Author affiliation(s) Center for Innovation Strategy and Policy and the Artificial Intelligence Center, SRI International
Primary contact Email: christina dot freyman at sri dot com
Year published 2018
Volume and issue 2
Page(s) 15
DOI 10.3389/frma.2017.00015
ISSN 2504-0537
Distribution license Creative Commons Attribution 4.0 International
Website https://www.frontiersin.org/articles/10.3389/frma.2017.00015/full
Download https://www.frontiersin.org/articles/10.3389/frma.2017.00015/pdf (PDF)

Abstract

When assessing the importance of materials (or other components) to a given set of applications, machine analysis of a very large corpus of scientific abstracts can provide an analyst a base of insights to develop further. The use of text analytics reduces the time required to conduct an evaluation, while allowing analysts to experiment with a multitude of different hypotheses. Because the scope and quantity of metadata analyzed can, and should, be large, any divergence from what a human analyst determines and what the text analysis shows provides a prompt for the human analyst to reassess any preliminary findings. In this work, we have successfully extracted material–application pairs and ranked them on their importance. This method provides a novel way to map scientific advances in a particular material to the application for which it is used. Approximately 438,000 titles and abstracts of scientific papers published from 1992 to 2011 were used to examine 16 materials. This analysis used coclustering text analysis to associate individual materials with specific clean energy applications, evaluate the importance of materials to specific applications, and assess their importance to clean energy overall. Our analysis reproduced the judgments of experts in assigning material importance to applications. The validated methods were then used to map the replacement of one material with another material in a specific application (batteries).

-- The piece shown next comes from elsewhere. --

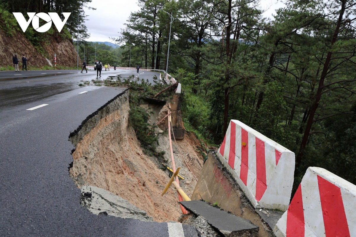 Mưa lớn liên tục và kéo dài với lưu lượng nước tập trung lớn đã gây xói lở móng tường chắn, làm sập tường chắn và đứt gần nửa mặt đường tuyến đèo Prenn tại Km224+650. Đây là vị trí địa hình dốc, nền địa chất phức tạp và đang tiếp tục có nguy cơ sạt trượt do thời tiết vẫn đang diễn biến xấu.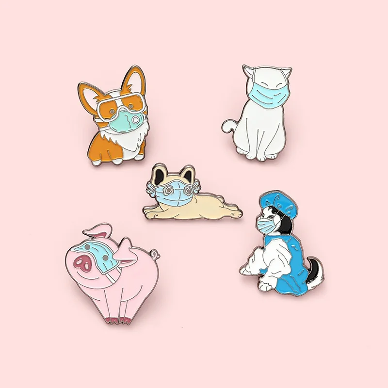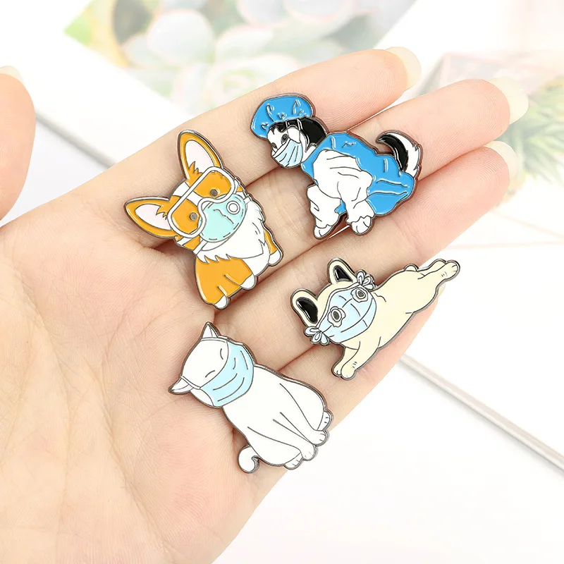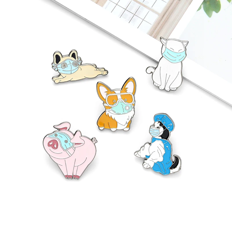 Животные в одежде противоэпидемической маски эмали штырь корги Соба...

Keywords: machine learning classification, science policy, coclustering, text analytics, critical materials, big data

Introduction

Scientific research and technological development are inherently combinatorial practices.[1] Researchers draw from, and build on, existing work in advancing the state of the art. Increasing the ability of researchers to review and understand previous research can stimulate and accelerate scientific progress. However, the number of scientific publications grows exponentially every year both on the aggregate level and in an individual field.[2] It is impossible for any single researcher or organization to keep up with the vastness of new scientific publications. The ability to use text analytics to map the current state of the art to detect progress would enable more efficient analyses of data.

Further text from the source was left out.